> _Description of the task_
Images are not part of the copy; write out the rest of the data exactly as given.

> _Data_
====

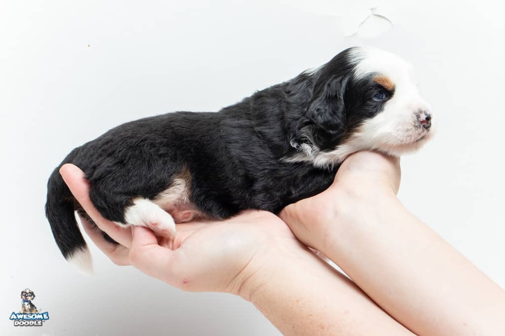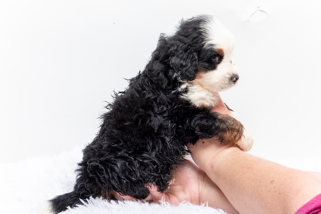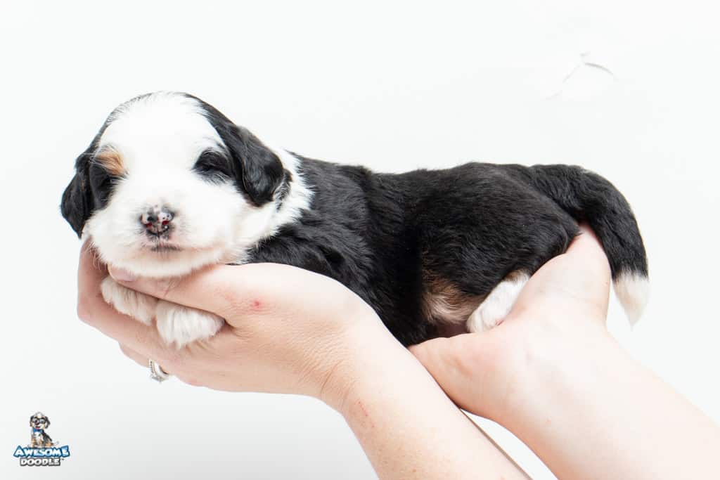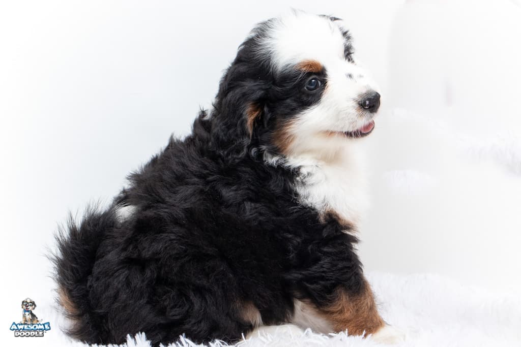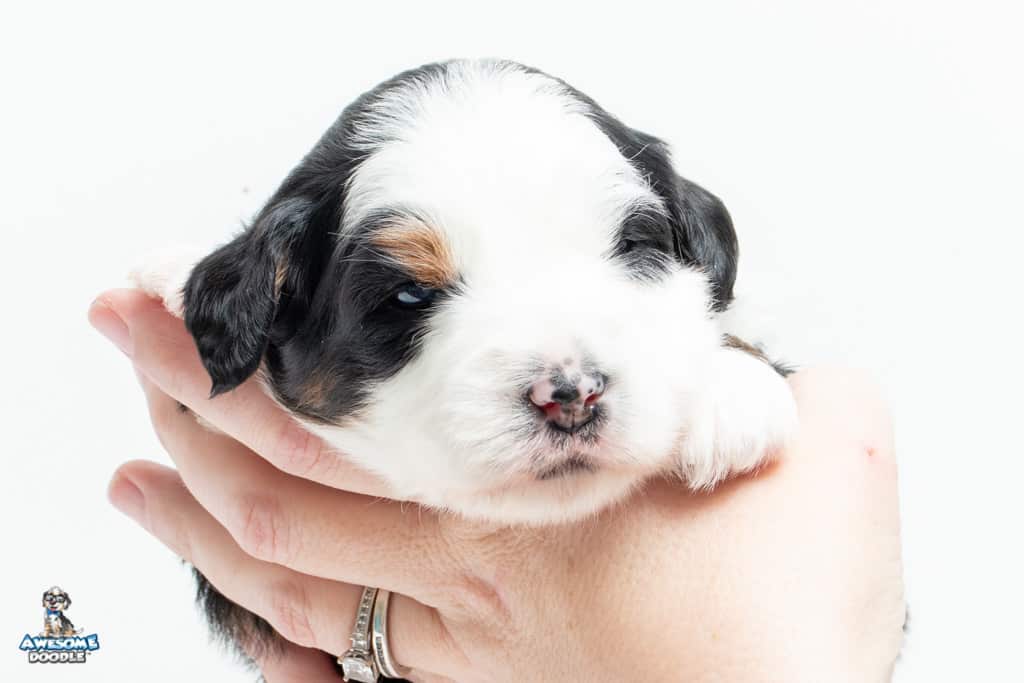 Camilo is a male Black Tri-Color F1 AussieDoodle puppy.
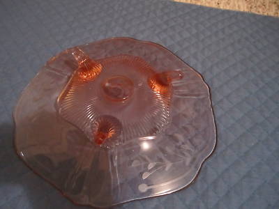 Pink Depression etching Glass Footed Rib Design Bowl
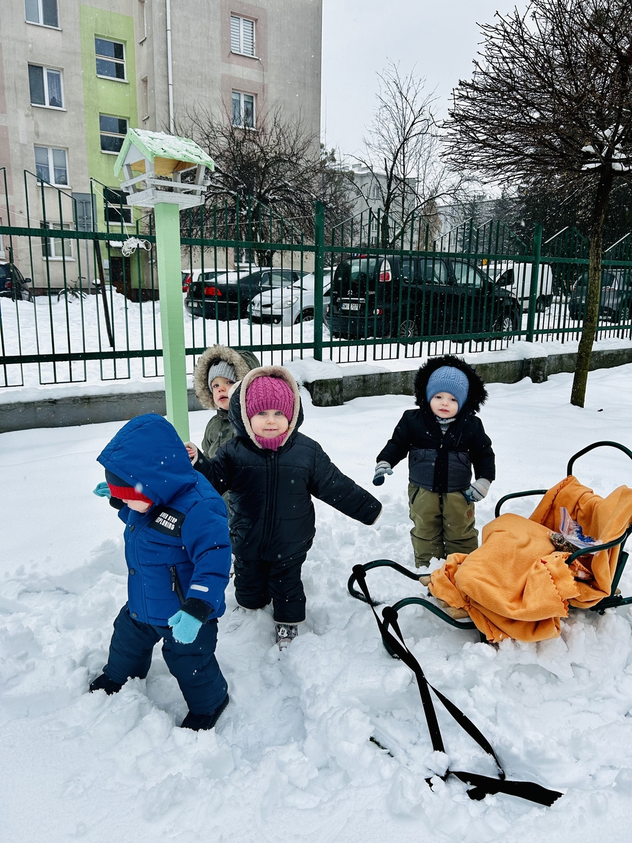 Jak co roku w okresie zimy maluszki ze Żłobka pamiętają o fruwających przyjaciołach mieszkających w żłobkowym ogrodzie. Jest to doskonała okazja do kształtowania u dzieci poczucia odpowiedzialności, obowiązkowości oraz wrażliwość na los zwierząt.

====

> _Result of this exercise_
 Camilo is a male Black Tri-Color F1 AussieDoodle puppy.
 Pink Depression etching Glass Footed Rib Design Bowl
 Jak co roku w okresie zimy maluszki ze Żłobka pamiętają o fruwających przyjaciołach mieszkających w żłobkowym ogrodzie. Jest to doskonała okazja do kształtowania u dzieci poczucia odpowiedzialności, obowiązkowości oraz wrażliwość na los zwierząt.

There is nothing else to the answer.